Gridoto.com - (OTW JANJIAN MAU KETEMUAN)
Cewek: Eh, OTW jam berapa?
Cowok: Nih udah mau jalan
Cewek: Eh tunggu dong, gua nge-charge mobil dulu nih dikit lagi penuh
Cowok: Oalah, gua sih bisa langsung jalan ya soalnya kan All New Yaris Cross Hybrid EV gua bisa self-recharge
Dialog ini mucul di postingan Instagram @toyotaid beberapa waktu lalu
Disertai caption, Emang beda deh kalo mobil hybrid favorit. Makanya pilih All New Yaris Cross Hybrid EV deh dari sekarang
Dalam postingan lain di akun yang sama, penekanan terhadap keunggulan mesin hybrid juga tampak
Mau beli mobil listrik cuman sayang ga sih di Indo masih jarang tempat buat ngecharge
Nah solusinya bisa beli hybrid guys, ini tuh kaya gabungan bensin dan listrik
Toyota tampaknya ngegas untuk mengkampanyekan teknologi hybrid lebih memudahkan saat ini dibanding EV.
Meski mereka punya produk EV juga di tanah air, tapi rasanya hanya sedikit pemakainya yang kesinggung kampanye ini.
Sepintas, kampanye ini hanya postingan atau konten biasa. Namun karena yang melakukannya Toyota, pemain terbesar kendaraan di Indonesia, hal ini menjadi menarik.
Baca Juga: Toyota Gencar Kampanye Hybrid, Tangkis Gencarnya Serbuan Mobil Listrik?

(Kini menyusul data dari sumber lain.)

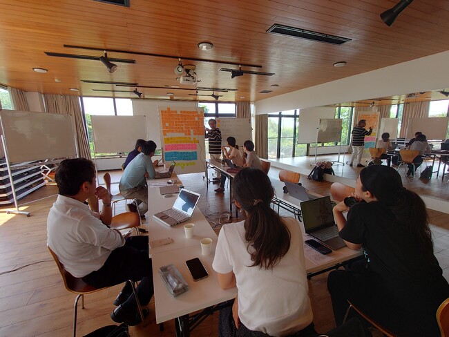 ワークスペースや宿泊施設等に移動し、チームビルディングや地域交流、ワークショップなどを行います。
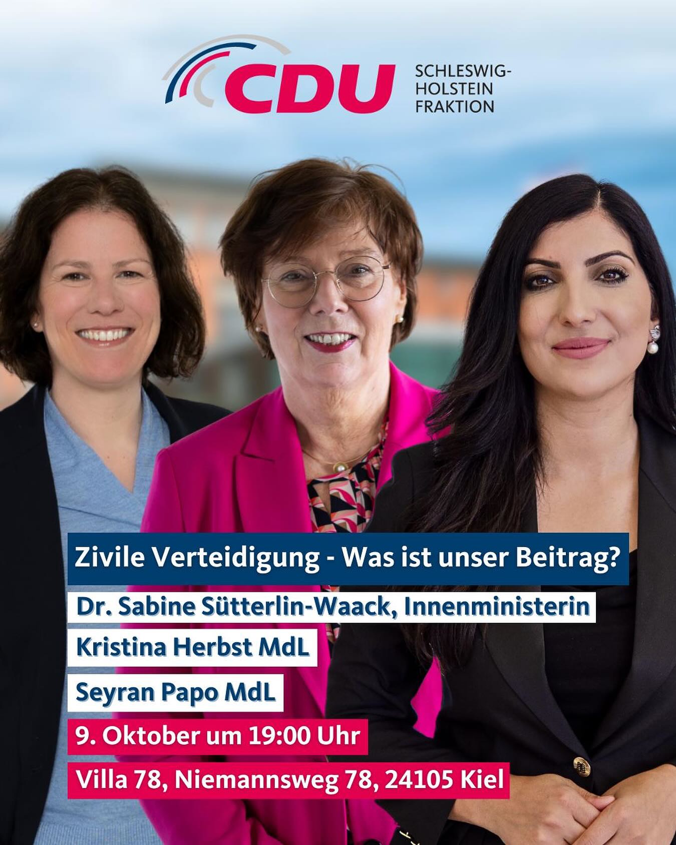 Zusammen mit Seyran Papo MdL möchte ich mit Innenministerin Sabine Sütterlin-Waack zum Thema Zivile Verteidigung – Was ist unser Beitrag? ins Gespräch kommen.
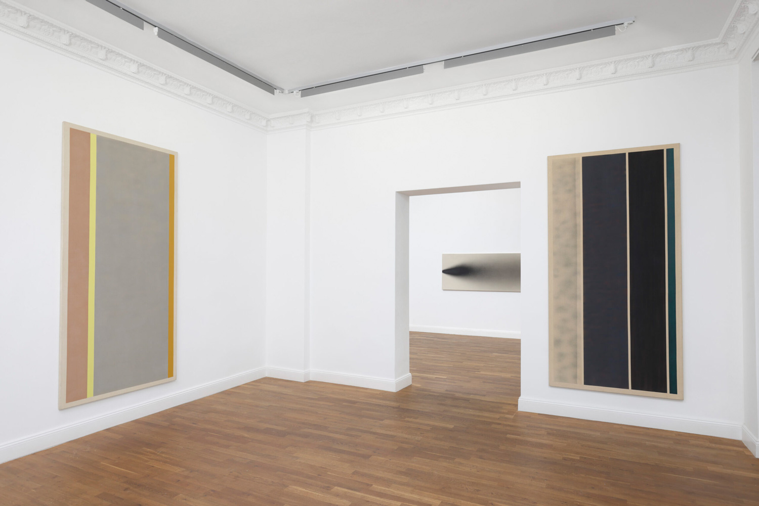 One of the central works in the exhibition is the large-format black canvas Untitled, created in New York in 1971 as part of the “Spray Paintings” series. Michael Venezia worked on the canvas from both edges with seven even spray bursts. He used an emulsion of aluminum pigments and acrylic paint, which he sprayed onto the horizontal canvas before stretching it.
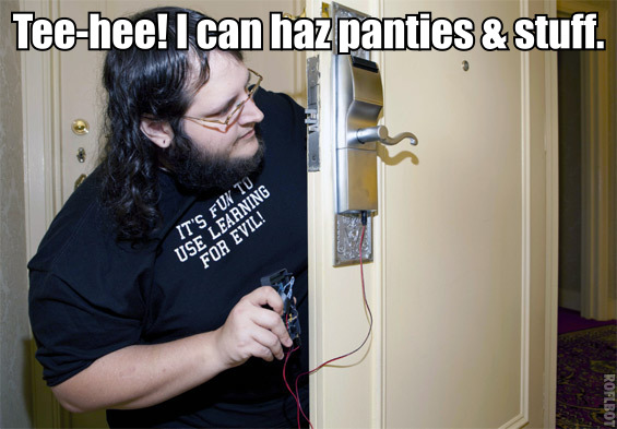 And for low-rent hooker hotels one doesn’t have to worry so much. The panty-sniffers don’t want to get into them. Not enough smartphone, laptop and tablet booty.
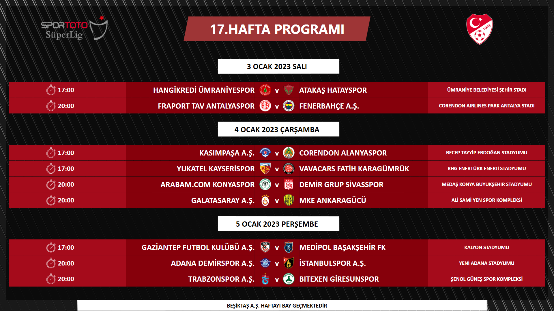 19 - 25. hafta müsabakalarına ilişkin program, Ziraat Türkiye Kupası Son 16 Turu eşleşmeleri sonrası, kalan haftalar ise Ziraat Türkiye Kupası Çeyrek Final ve Yarı Final eşleşmeleri ve takımlarımızın Avrupa Kupası maçlarına göre planlanarak ilan edilecektir.
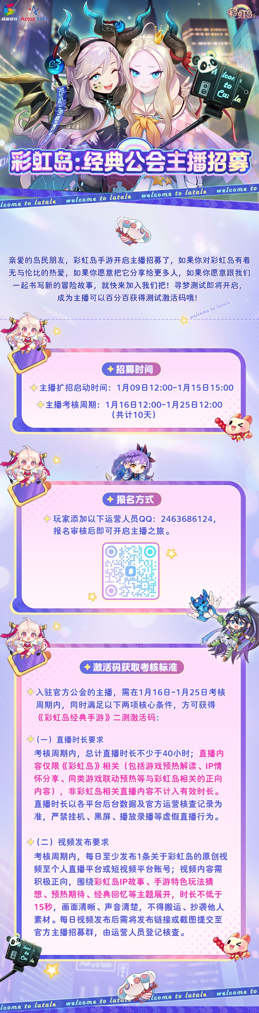 亲爱的岛民朋友,彩虹岛手游开启主播招募了

Sebab, publik bisa menafsirkan bebas dari apa yang mereka lakukan. Seperti hybrid mulai kalah pamor dari EV, orang-orang mulai banyak yang beralih membeli mobil listrik dan lain sebagainya.
Nyatanya, fenomena konsumen lebih menyukai EV atau mobil listrik daripada mobil hybrid bagai menemukan faktanya.
Jika melihat data penjualan mobil, sepanjang Januari-April 2025 penjualan mobil listrik berada di angka 23.952 unit, naik signifikan dibanding periode yang sama tahun lalu yang hanya 7.745 unit.
Sementara, pada periode Januari-April 2025 penjualan kendaraan hybrid mencapai 18.462 unit, naik sedikit ketimbang periode yang sama tahun lalu yakni 16.692 unit.
Kalau dilihat, penjualan mobil hybrid tahun ini mulai dikalahkan oleh BEV.
Baca Juga: Mulai Ditumbangkan BEV, Penjualan Mobil Hybrid Masih Ada Harapan?
Maka, dugaan Toyota mulai terusik sehingga menggelontorkan kampanye bertema hybrid lebih mudah daripada EV tampak berkorelasi.
Lebih-lebih ketika muncul postingan viral di mana gambar sebuah Toyota Alphard HEV diberi narasi:
Waktu Anda terlalu berharga hanya untuk menunggu colokan. All New Alphard HEV. Untuk mereka yang tahu bahwa waktu tak bisa diisi ulang.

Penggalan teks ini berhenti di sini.